Stored data
+===+

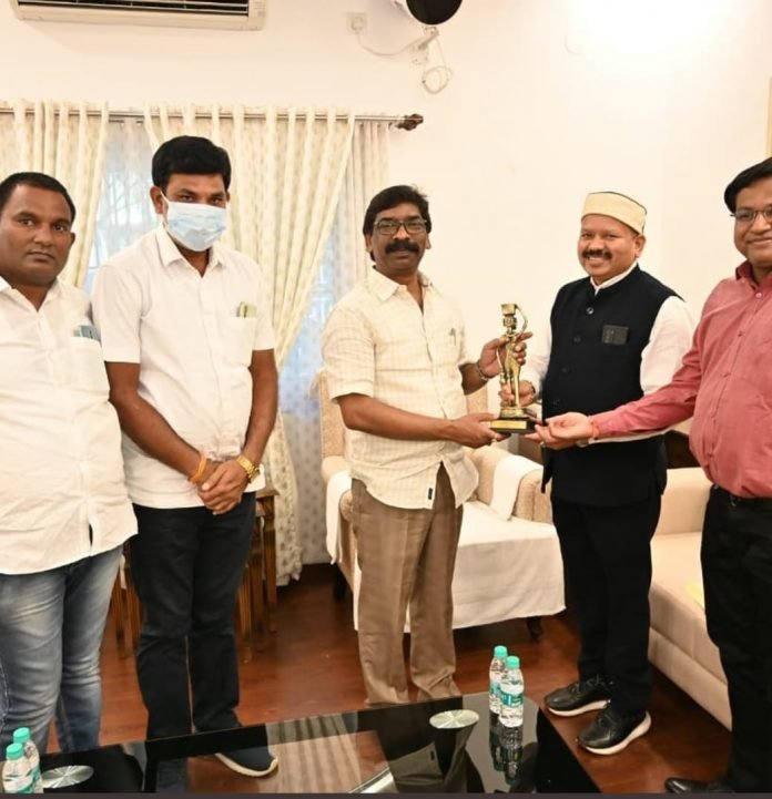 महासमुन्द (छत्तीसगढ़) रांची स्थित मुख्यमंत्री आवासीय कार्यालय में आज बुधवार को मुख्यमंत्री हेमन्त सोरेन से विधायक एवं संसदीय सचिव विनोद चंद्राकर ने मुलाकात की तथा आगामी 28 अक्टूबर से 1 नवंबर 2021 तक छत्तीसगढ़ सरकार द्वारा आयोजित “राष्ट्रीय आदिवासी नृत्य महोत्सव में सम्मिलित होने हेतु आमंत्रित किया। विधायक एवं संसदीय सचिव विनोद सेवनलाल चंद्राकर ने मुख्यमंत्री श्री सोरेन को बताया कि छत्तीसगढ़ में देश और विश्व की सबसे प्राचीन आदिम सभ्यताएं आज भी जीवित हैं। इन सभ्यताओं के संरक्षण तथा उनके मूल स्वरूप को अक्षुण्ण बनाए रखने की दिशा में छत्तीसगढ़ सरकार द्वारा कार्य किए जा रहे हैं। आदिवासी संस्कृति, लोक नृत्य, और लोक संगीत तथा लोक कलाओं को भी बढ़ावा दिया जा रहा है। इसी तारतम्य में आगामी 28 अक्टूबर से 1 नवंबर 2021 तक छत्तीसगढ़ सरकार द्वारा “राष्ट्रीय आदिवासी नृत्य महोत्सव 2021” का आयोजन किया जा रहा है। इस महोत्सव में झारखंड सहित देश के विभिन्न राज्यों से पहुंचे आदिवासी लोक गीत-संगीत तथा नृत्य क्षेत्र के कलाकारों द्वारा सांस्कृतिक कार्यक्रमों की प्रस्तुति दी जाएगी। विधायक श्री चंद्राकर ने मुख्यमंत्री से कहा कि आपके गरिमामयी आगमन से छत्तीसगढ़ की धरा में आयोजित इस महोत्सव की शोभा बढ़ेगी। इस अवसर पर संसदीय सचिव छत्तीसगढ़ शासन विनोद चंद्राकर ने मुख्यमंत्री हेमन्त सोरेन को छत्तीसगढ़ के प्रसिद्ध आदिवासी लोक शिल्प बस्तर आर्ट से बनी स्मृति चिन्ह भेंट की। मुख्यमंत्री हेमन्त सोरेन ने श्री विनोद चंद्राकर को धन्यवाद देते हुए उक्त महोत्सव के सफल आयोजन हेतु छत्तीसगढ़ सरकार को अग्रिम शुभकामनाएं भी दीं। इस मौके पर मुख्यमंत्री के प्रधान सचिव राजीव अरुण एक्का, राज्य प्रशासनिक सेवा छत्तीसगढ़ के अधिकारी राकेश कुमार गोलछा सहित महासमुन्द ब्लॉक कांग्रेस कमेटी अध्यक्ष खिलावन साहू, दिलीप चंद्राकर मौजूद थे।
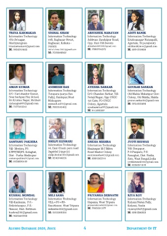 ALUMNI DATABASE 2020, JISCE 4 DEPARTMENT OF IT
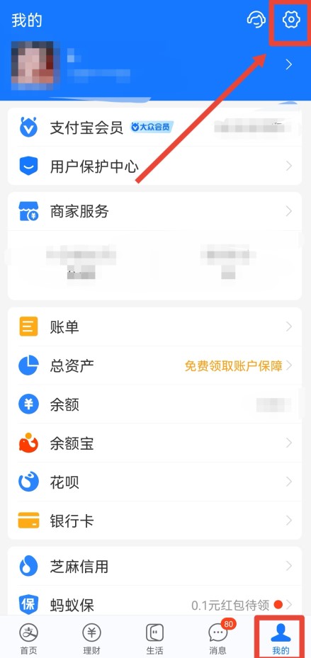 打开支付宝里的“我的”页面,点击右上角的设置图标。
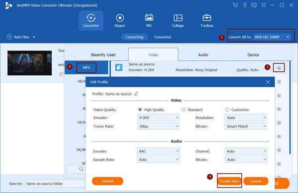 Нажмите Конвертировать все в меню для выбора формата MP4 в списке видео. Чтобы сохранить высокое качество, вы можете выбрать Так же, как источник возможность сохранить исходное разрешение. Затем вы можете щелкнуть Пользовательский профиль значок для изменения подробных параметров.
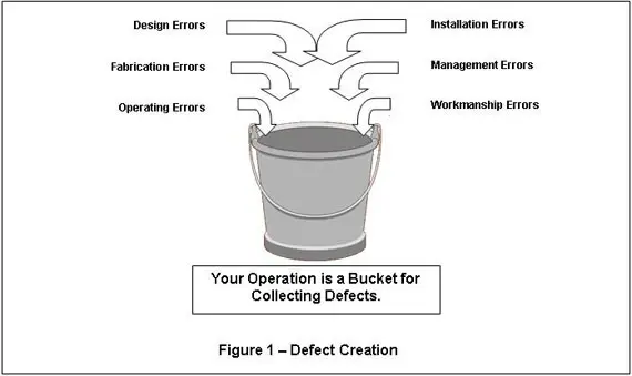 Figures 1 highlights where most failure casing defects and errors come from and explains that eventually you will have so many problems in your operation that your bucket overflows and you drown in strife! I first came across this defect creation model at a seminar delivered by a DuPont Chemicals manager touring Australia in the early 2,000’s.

+===+

● **Work instruction**
Could you transcribe all of the data exactly and omit the pictures?

● **Result of this task**
 महासमुन्द (छत्तीसगढ़) रांची स्थित मुख्यमंत्री आवासीय कार्यालय में आज बुधवार को मुख्यमंत्री हेमन्त सोरेन से विधायक एवं संसदीय सचिव विनोद चंद्राकर ने मुलाकात की तथा आगामी 28 अक्टूबर से 1 नवंबर 2021 तक छत्तीसगढ़ सरकार द्वारा आयोजित “राष्ट्रीय आदिवासी नृत्य महोत्सव में सम्मिलित होने हेतु आमंत्रित किया। विधायक एवं संसदीय सचिव विनोद सेवनलाल चंद्राकर ने मुख्यमंत्री श्री सोरेन को बताया कि छत्तीसगढ़ में देश और विश्व की सबसे प्राचीन आदिम सभ्यताएं आज भी जीवित हैं। इन सभ्यताओं के संरक्षण तथा उनके मूल स्वरूप को अक्षुण्ण बनाए रखने की दिशा में छत्तीसगढ़ सरकार द्वारा कार्य किए जा रहे हैं। आदिवासी संस्कृति, लोक नृत्य, और लोक संगीत तथा लोक कलाओं को भी बढ़ावा दिया जा रहा है। इसी तारतम्य में आगामी 28 अक्टूबर से 1 नवंबर 2021 तक छत्तीसगढ़ सरकार द्वारा “राष्ट्रीय आदिवासी नृत्य महोत्सव 2021” का आयोजन किया जा रहा है। इस महोत्सव में झारखंड सहित देश के विभिन्न राज्यों से पहुंचे आदिवासी लोक गीत-संगीत तथा नृत्य क्षेत्र के कलाकारों द्वारा सांस्कृतिक कार्यक्रमों की प्रस्तुति दी जाएगी। विधायक श्री चंद्राकर ने मुख्यमंत्री से कहा कि आपके गरिमामयी आगमन से छत्तीसगढ़ की धरा में आयोजित इस महोत्सव की शोभा बढ़ेगी। इस अवसर पर संसदीय सचिव छत्तीसगढ़ शासन विनोद चंद्राकर ने मुख्यमंत्री हेमन्त सोरेन को छत्तीसगढ़ के प्रसिद्ध आदिवासी लोक शिल्प बस्तर आर्ट से बनी स्मृति चिन्ह भेंट की। मुख्यमंत्री हेमन्त सोरेन ने श्री विनोद चंद्राकर को धन्यवाद देते हुए उक्त महोत्सव के सफल आयोजन हेतु छत्तीसगढ़ सरकार को अग्रिम शुभकामनाएं भी दीं। इस मौके पर मुख्यमंत्री के प्रधान सचिव राजीव अरुण एक्का, राज्य प्रशासनिक सेवा छत्तीसगढ़ के अधिकारी राकेश कुमार गोलछा सहित महासमुन्द ब्लॉक कांग्रेस कमेटी अध्यक्ष खिलावन साहू, दिलीप चंद्राकर मौजूद थे।
 ALUMNI DATABASE 2020, JISCE 4 DEPARTMENT OF IT
 打开支付宝里的“我的”页面,点击右上角的设置图标。
 Нажмите Конвертировать все в меню для выбора формата MP4 в списке видео. Чтобы сохранить высокое качество, вы можете выбрать Так же, как источник возможность сохранить исходное разрешение. Затем вы можете щелкнуть Пользовательский профиль значок для изменения подробных параметров.
 Figures 1 highlights where most failure casing defects and errors come from and explains that eventually you will have so many problems in your operation that your bucket overflows and you drown in strife! I first came across this defect creation model at a seminar delivered by a DuPont Chemicals manager touring Australia in the early 2,000’s.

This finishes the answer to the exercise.